In the Mount Conero area, the baseline B model achieved an OA of 81.8%. Among the hybrid models, mF models exhibited an average OA of 84.3%, with the highest OA of 86% achieved using formula id #11 and the lowest at 81.6% with formula id #1. The M models had an average OA of 78.6%, with the highest OA of 85.6% obtained with formula id #18 and the lowest at 66.3% with formula id #8. The Ms models achieved an average OA of 84.4%, with the highest OA of 87.2% linked to formula id #15 and the lowest at 77.9% with formula id #4.

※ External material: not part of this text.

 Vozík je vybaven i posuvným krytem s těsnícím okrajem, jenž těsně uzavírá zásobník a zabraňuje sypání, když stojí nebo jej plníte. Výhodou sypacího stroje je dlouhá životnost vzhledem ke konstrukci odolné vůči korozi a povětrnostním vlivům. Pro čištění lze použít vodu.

For the Frasassi Gorge area, the B model achieved an OA of 76.9%. Among the hybrid models, the mF models showed an average OA of 80.9%, with the highest OA of 82.9% achieved using formula id #3 and the lowest at 77.3% with formulas ids #0 and #1. The M models had an average OA of 74.2%, with the highest OA of 82.3% using formula id #7 and the lowest at 63.4% with formula id #17. Additionally, the Ms models obtained an average OA of 83.1%, with the highest OA of 86.5% linked to formula id #15 and the lowest at 81.1% with formula id #19.

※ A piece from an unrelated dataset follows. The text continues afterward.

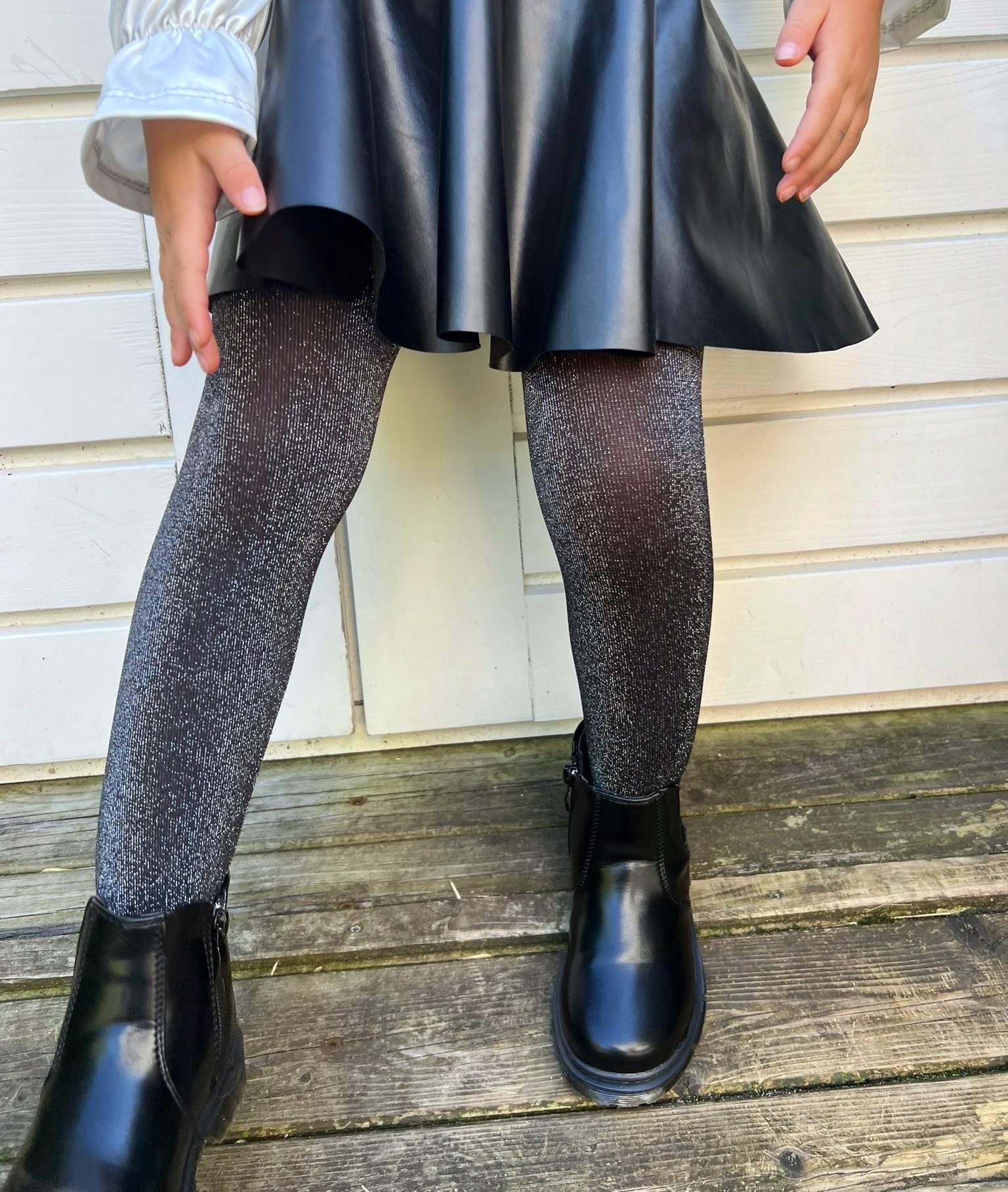 Kinder panty - Zwart/Glitter Zilver

In both study areas, the Ms and mF models consistently outperformed the M and B models, achieving a higher Overall Accuracy of 9.6 percentage points in the Frasassi Gorge area, and 5.4 percentage points in the Mount Conero area (see Figure 5 and Table 3). Furthermore, using indices (formula ids #1–#20 in Table 3) in the Ms and mF models demonstrated superior performance compared to using individual bands (formula id #0 in Table 3). In both study areas, the highest OA was achieved by the Ms models applied to vegetation indices with formula id #15 (see Table 2 and Table 3 for its definition).

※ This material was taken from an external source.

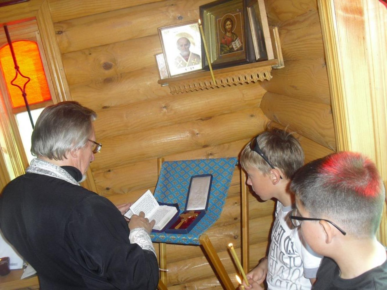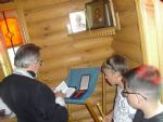 В часовню вошли все паломники. Вместе с батюшкой отслужили молебен. После молитвы, на крылечке часовни, слушали рассказ отца Николая о строительстве часовни и житии святого великомученика:

Table A2. List of models for the Mount Conero area, displaying their accuracy (OA—Overall Accuracy and sd—standard deviation; for c1–c4 vegetation types Producer’s Accuracy was reported) and model complexity (pr—number of input predictors and Random Forest’s mtry value for tree splits).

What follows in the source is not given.